Дебаты шли очень быстро, а положение умеренных, хотя были трое на одного, становилось всё более неприятным. Запал имеет в себе то, что побеждает самые логичные аргументы, потому что запал есть уже зародышом действия, когда рассуждения есть всегда ещё словом. Охваченные постепенно чувством Юлиана, его товарищи смягчались, почти устыдясь своего рассудка.

Ожидали ещё прибытия нескольких коллег, когда мать, вернувшись из города с деньгами, вырванными у отца, не в силах выдержать, побежала прямо к сыну, чтобы немедленно их отдать. Подойдя к двери, слыша внутри громкий разговор, она остановилась перед порогом и поневоле начала прислушиваться. Сквозь тонкую дверь проходил звонкий голос Юлиана, такой знакомый матери, такой милый её уху, что она наслаждалась им, как музыкой, Юлиан говорил:

– Братья! И разум, и осторожность есть прекрасные качества в здоровом ходе жизни, но напрасно ими хочу управлять в критические минуты, когда горячка ясновидящая и проще приводящая к цели. Вы будете иметь сто раз верность без эмоций, но вас самих победит и захватит моё безумие. Даже без той веры, какую имею я, я уверен, вы пойдёте за мной!

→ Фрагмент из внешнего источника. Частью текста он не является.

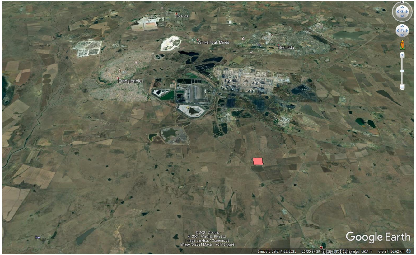
Figure 1: Location of study area
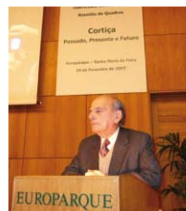
Professor José Hermano Saraiva
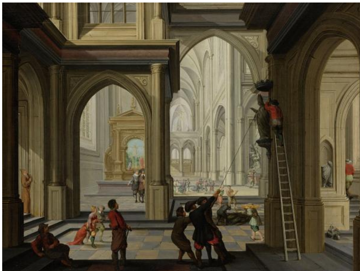
Fig.5 Dirck van Delen, Iconoclasm in a church with a Catholic clergyman watching, 1630 (Rijksmuseum Amsterdam).

Not only the destruction of 1566, but also the image breaking of the 1570s and 1580s was recorded. In Utrecht antiquarian and humanist Arnoldus Buchelius felt the need to preserve the Catholic past for future generations after the change of regime in 1580. For this purpose Buchelius kept several manuscripts which described the physical changes in the urban landscape and decorated them with numerous drawings. 120 The rapid changes to the landscape also inspired individuals to commission paintings of religious buildings that had been demolished after 1580. 121 In 1630, more than forty years after the new regime was installed, the St Salvatorchurch was painted by an anonymous artist. The building itself had been demolished in 1587, and the artist probably used a drawing from Buchelius' manuscript for the exterior of the church. 122 Buchelius' work had therefore achieved what he had hoped
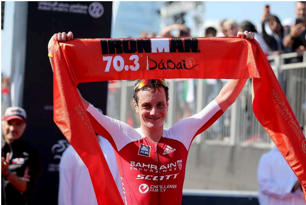
WELCOME BACK: Double Olympic Champion Alistair Brownlee of Great Britain celebrates his first victory after coming back from surgery on his hip at IRONMAN 70.3 Dubai in the United Arab Emirates – (Photo by Nigel Roddis/Getty Images for IRONMAN) – Download
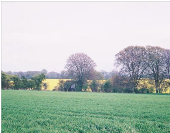
Village landscape, Bramdean.
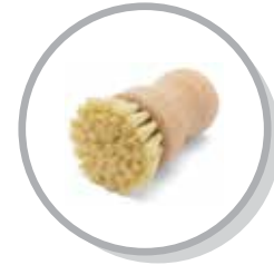
Tampico fiber bristles

74908 3" / Beechwood with tampico fiber Card, 12 per case 0-30734-74908-1
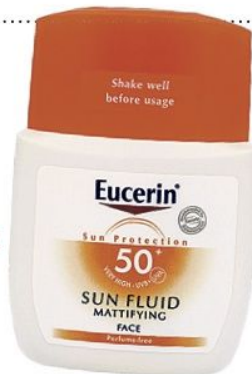
Eucerin Sun Fluid Mattifying Face SPF 50+, $17, lifeandlooks.com

A "Yes! Most face moisturizers with SPF provide the same UV protection [as sunscreen], but are specifically formulated for the face," says NYC-based dermatologist Dr. Gary Goldenberg. Regular sunscreens go on thick and greasy, which can lead to breakouts, but face moisturizers with SPF are designed with non-greasy, mattifying fluids that block harmful UV rays without clogging pores. For optimal performance, use a formula with SPF 50 and reapply it every two hours while in direct sun!
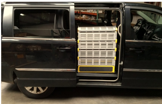
Side install on vans like Dodge Caravan
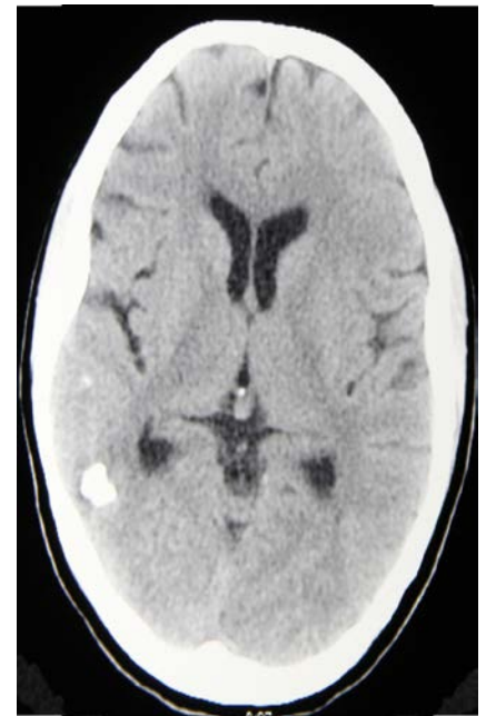
Figure 2. Axial computed tomography brain imaging showed areas of right parietal lobe hyperdensities consistent with calcification and mild cerebral atrophy of the right cerebral hemisphere as evidenced by prominence of the cerebral and Sylvian fissures.
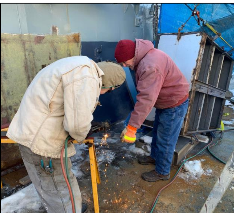
They completely replaced the bottom of the “safety gear locker”.

severe corrosion, so the locker was removed for restoration, and so the bulkhead could be accessed.

Московское правительство называет это революционным терроризмом, а будет это только терроризм святого чувства, которому ничто противостоять не может. Приходят такие минуты, в которых и человек, и народ могут превознести геройскую смерть над униженной жизнью, тогда, как инстинкты самосохранения содрогаются могиле, дух с радостью к ней раскрывает крылья.

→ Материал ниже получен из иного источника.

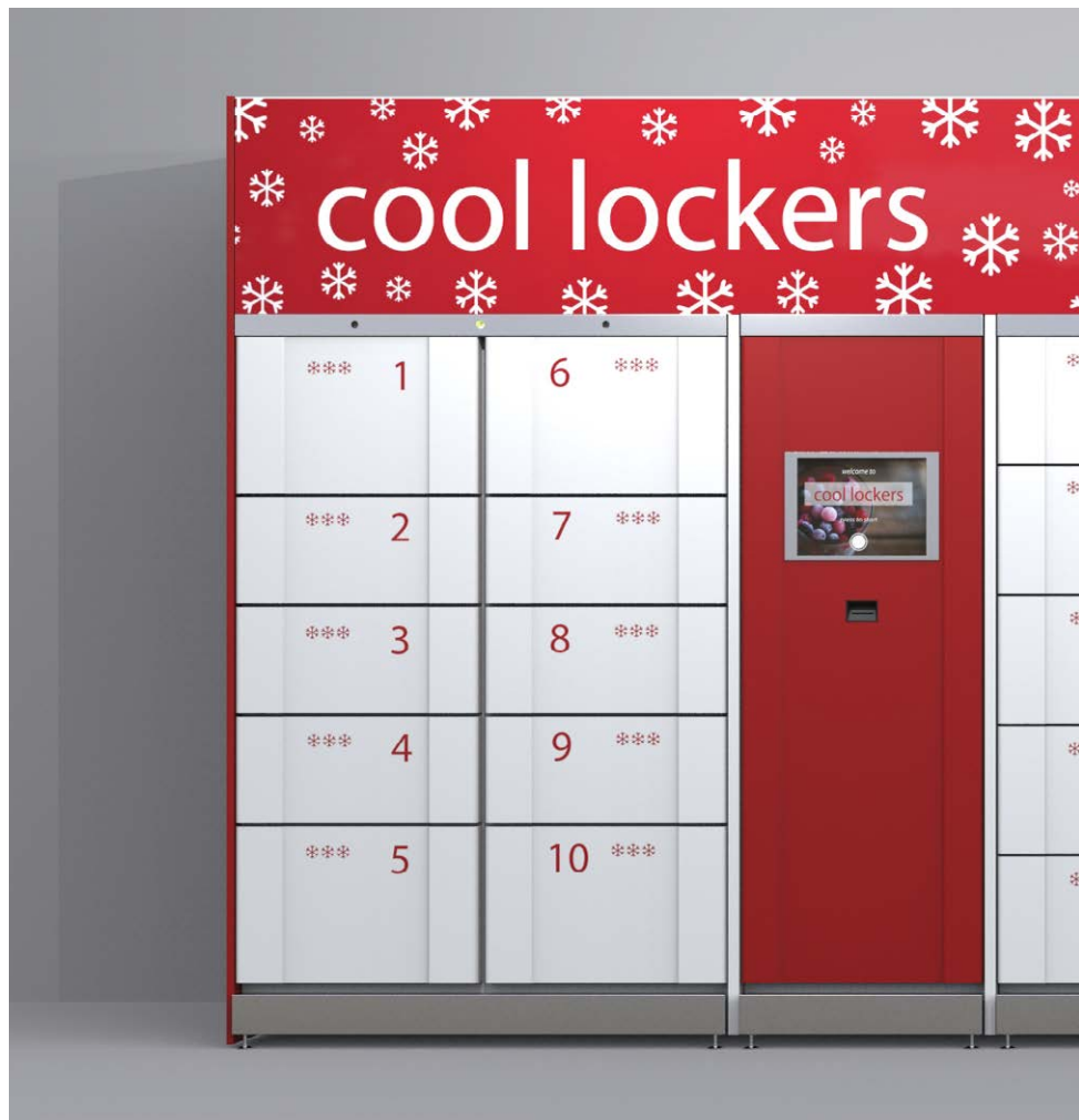
24-hour delivery lockers

If the goods haven't been paid for in advance, the customer can pay at the delivery lockers.
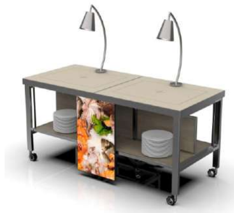
电热保温车/Heating Plate Station
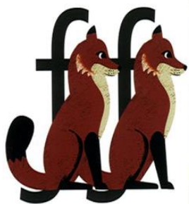
two foxes facing forwards
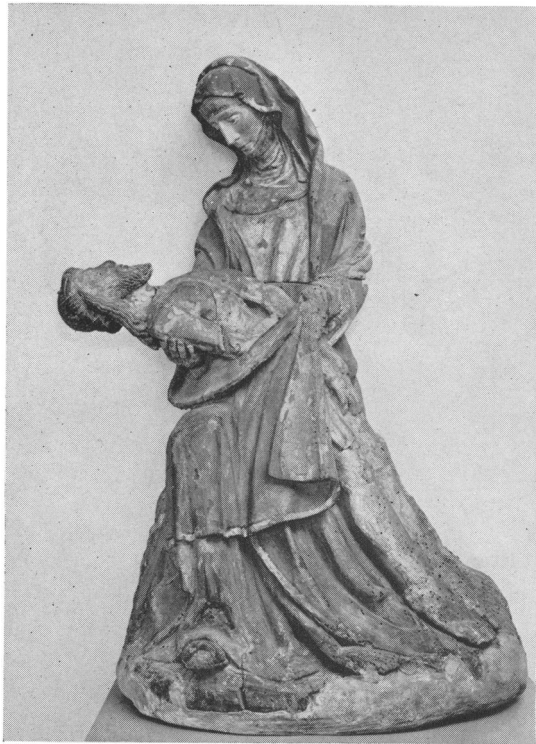
French Pietà of a diagonal type, related to a Rhenish-Westphalian group. Early xv century. Painted wood. At The Cloisters

ness and intense feeling so characteristic of their German prototypes. It has been supposed that French Pietàs were derived directly from the fifteenth-century mystery plays of the Passion, but such a derivation ignores the existence of the German Pietàs, many of them datable in the fourteenth century, a hundred years or more before the subject became popu-
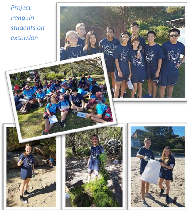
Project Penguin students on excursion

Our students were fantastic mentors to their primary groups and thoroughly enjoyed the opportunity to give back to the community and develop their leadership skills. Project Penguin continues later this month when our mentors will visit Harbord Primary School.

Слушая эту речь, которой ухватила только главную мысль, мать вздрогнула, залилась слезами, взор её с отвращением упал на деньги, которые несла, и она убежала с ними в свою комнату, вся заплаканная, заламывая руки. В этой женщине, которую раздавили жизнь с ничтожным человеком, бедность и работа, отозвалось какое-то чувство, зажжённое любовью к ребёнку. Она припомнила себе борьбу за эти гроши с мужем на улице, происхождение этого заработка, и бумажки, которые несла с такой радостью, бросила на стол с презрением. Но сию минуту пришла на ум тяжёлая работа бедного Юлиана, необходимость облегчить ему, уверенность, что он не знает, не догадывается, откуда пришли эти проклятые деньги и оплатой чего они были. Она вбежала повторно и с поспешностью постучала в дверь Юлка.

Юноша её вовсе не ожидал; потому что она не имела привычки приходить в этот час, а так как ожидали прибытия товарищей, голос изнутри дал только знак войти.

Мать приотворила дверь, но ещё раз устыдилась чего-то, колебалась, и вернулась снова вниз. Подумала, что сделает гораздо лучше, меньше будет нуждаться в объяснениях, когда деньги непосредственно через сестру отошлёт брату.